8FYP & THE WAY FORWARD: Even before Covid-19 happened, Bangladesh was going through a major revenue constraint owing to the weakness in revenue mobilisation effort.  A manifestation of the revenue constraint is illustrated in Figure-1.  Tax revenue as a share of GDP is one of the lowest in the world. It is not only very low, it has been falling since FY2017, indicating the huge revenue mobilisation challenge Bangladesh faces.  The main consequence of this revenue constraint is the inability to allocate adequate resources to the core development programs including social security.

Another notable aspect of this revenue constraint is the expanding gap between budgeted and actual tax collections.   This gap has become especially large in the past several years (Figure-2).  For example, the revenue gap between budget and actual has grown progressively from 14.0 per cent in FY17 to whopping 39.0 per cent in FY19, which were pre-Covid periods. The gap has grown further in FY20 to 42.0 per cent owing to the additional losses from Covid-19 in the last four months of FY20.   As a consequence, many budgeted expenditure items have faced ex-post budget cuts owing to revenue constraints. Most current expenditure items like civil service salaries and pensions, supplies and materials, defense, and interest payments are fixed obligations that cannot be cut.  So, the main adjustment burden has been shared by the annual development program and the spending items in the nature of transfers (subsidies, grants to local government institutions and social security spending). The cuts have often been as large as 30 per cent of the budget allocation.

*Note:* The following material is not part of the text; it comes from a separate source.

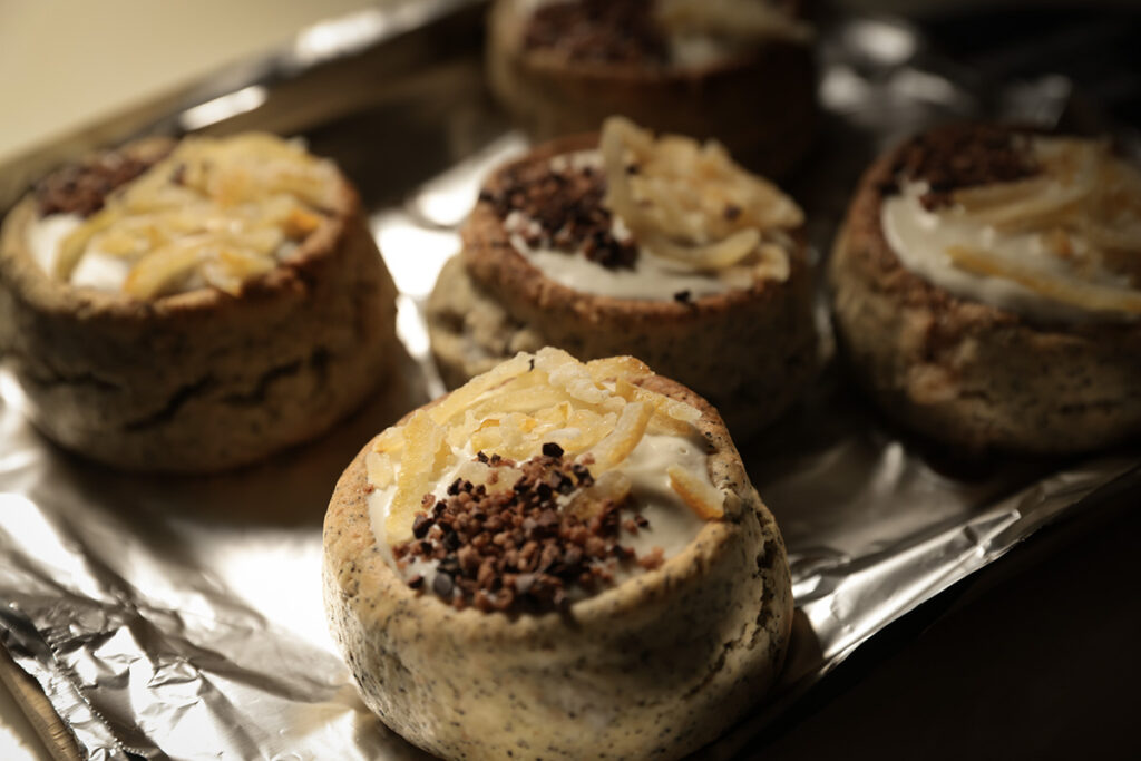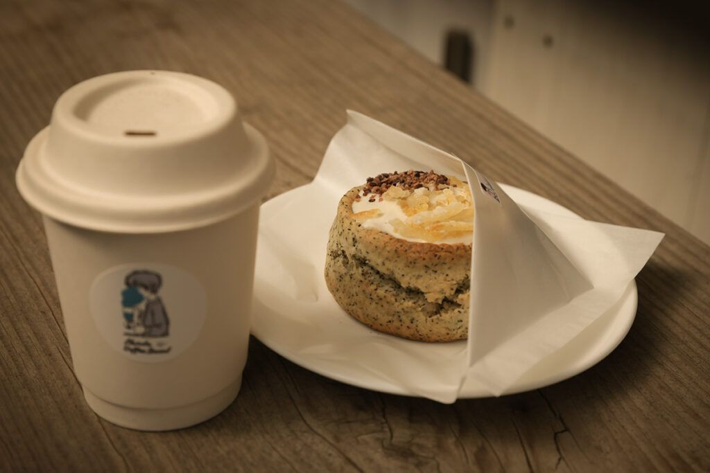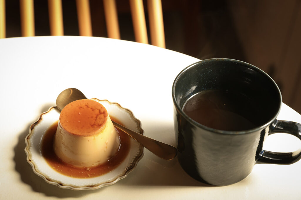 さらに、コーヒーの相棒として朝から焼くスコーンやプリンも、近藤氏がトライしたこだわりのひとつ。「凝り性なので、まだまだ進化の途中です」と言いながらも、オーダーしたスコーンの味わいは、その価格を遥かに超えるクオリティーだ。アールグレーのスコーンには、ホワイトチョコを練り込み、レモンピールとカカオニブのキャラメリゼをトッピング。スコーン特有のパサつき感がなく、リッチな口当たりがフルーティなコーヒーと好相性だ。コロナ禍に腕を磨いたという蒸しプリンも、イノセントな懐かしさに深いコクが追いかけてくる。

The government is concerned about this falling tax to GDP ratio and the constraint it imposes on its development spending. To address the revenue constraint, the government prepared a medium-term fiscal framework (MTFF) for the Government's Perspective Plan 2041.  Related to the PP2041 MTFF, an MTFF has also been prepared for the 8th Five Year Plan (8FYP). The 8FYP MTFF builds in the adverse effects of the ongoing Covid-19 pandemic but it also incorporates the government's resolve to implement major tax reforms as envisaged in the PP2041 MTFF. The projected total revenue, expenditure and fiscal deficit paths for the 8FYP are shown in Figure-3. The fiscal deficits are consistent with sustainable external and domestic financing in terms of debt sustainability and monetary programing. Since these projected trends are predicated on the full implementation of revenue and expenditure reforms of the PP2041, actual outcome will be a function of these reforms and also the timing of exit of the Covid-19 pandemic.  Shortfalls on either count will lower revenue and expenditure performance. 

The 8FYP is the first five-year program for the implementation of the PP41, which has set a target for eliminating extreme poverty by FY31. Among other policies, the ability to secure this target will depend upon the implementation of a well-thought out strategy for social protection.  The 8FYP advocates stronger efforts to implement the NSSS, with emphasis on converting the large number of programs into the Life Cycle Framework provided in the NSSS, enhanced efforts to develop and put online a list of beneficiaries based on the income eligibility of 1.25 times the 2016-17 poverty line (NSSS definition of poor and near poor), converting all programs to cash basis, make all transfers online using G2P approach, sharply increasing the actual spending on social protection and doing real time results based M&E to monitor implementation. 

The implications of the fiscal policy framework illustrated in Figure-3 for resource availability for the social protection programs during the 8FYP is illustrated in Table-3. The planned target is to increase spending on non-civil service social protection from 1.2 per cent of GDP in FY19 to 2.0 per cent of GDP by FY25.  This planned allocation is consistent with public spending priorities and available resource. This is a minimum level of social protection spending that will have to be ensured to support the poverty reduction targets of PP41.

Dr Sadiq Ahmed is the Vice Chairman of the Policy Research Institute of Bangladesh.